DLA (Disability Living Allowance) is gradually being replaced by PIP (Personal Independence Payment)

 

What is Personal Independence Payment (PIP)s?

PIPs helps with some of the extra costs caused by long-term ill-health or a disability if you’re aged 16 to 64.

The rate depends on how your condition affects you, not the condition itself.

You’ll need an assessment to work out the level of help you get. Your rate will be regularly reassessed to make sure you’re getting the right support.

 

What is the transition from DLA to PIPs?

If you’re on DLA and were 65 or older on 8 April 2013, these changes won’t affect you (you’ll stay on DLA and you don’t need to worry about PIP).

If you’re getting DLA at the moment, your claim will stop and you’ll need to claim PIP instead. This will happen even if you have a ‘lifetime’ or ‘indefinite’ award for DLA.

 

When will this transition be complete?

The Department for Work and Pensions (DWP) haven’t published the details of when people will have to claim PIP, so unfortunately we can’t be more specific than it happening at some point in the next 3 years.

 

What do I need to do?

You don’t automatically swap from one benefit to the other. You’ll get a letter in the post from the DWP to tell you that your claim for DLA will end and that you’ll need to make a new claim for PIP. 

 

What is the process?

1. The first step of the process is to wait and receive a letter from DWP. 

It’s best not to apply for PIP until you’re told to by the DWP - you’re not guaranteed to get it, so you’d risk losing your DLA.

2. Once you have received a letter, start your claim by calling the DWP

3. Fill in the PIP1 claim form they send on to you (a sample of the form can be found online)

4. Go to a face-to-face assessment

Most people have to do this.

5. Receive a decision regarding your claim

a. If you agree with the decision regarding your PIP no further action from yourself is needed.
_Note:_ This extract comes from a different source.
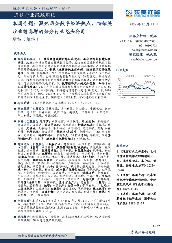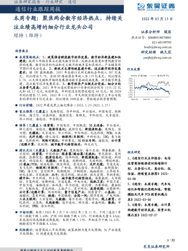 【东吴证券】【20220313】通信行业跟踪周报:聚焦两会数字经济热点,持续关注业绩高增的细分行业龙头公司-32页
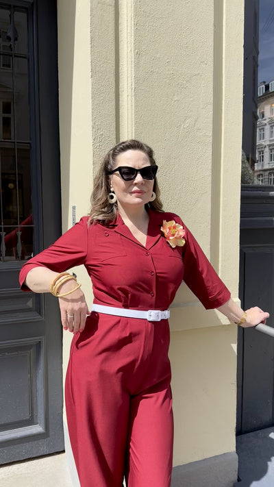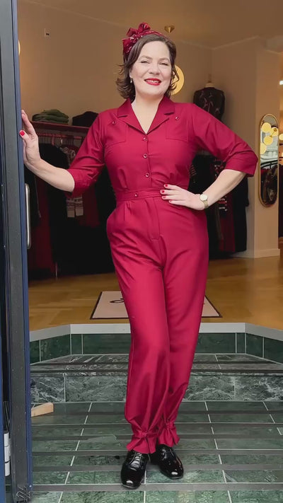 Feminine vintage style pantsuit in a beautiful burgundy with 3/4 length sleeves from Daisy Dapper!

b. If you disagree with the outcome you can appeal. (See point 6 below).

6. You have 1 month to challenge the decision, stating the reasons why and supplying additional supporting medical evidence; this is called a Mandatory Reconsideration. This goes to a Decision Maker who reviews the information to determine if it can be revised and supplies a Mandatory Reconsideration Notice informing the client of their decision.  

7. If a person does not agree with the decision of the Mandatory Reconsideration Notice, they have 1 month to appeal to a First Tier Tribunal resulting in a hearing.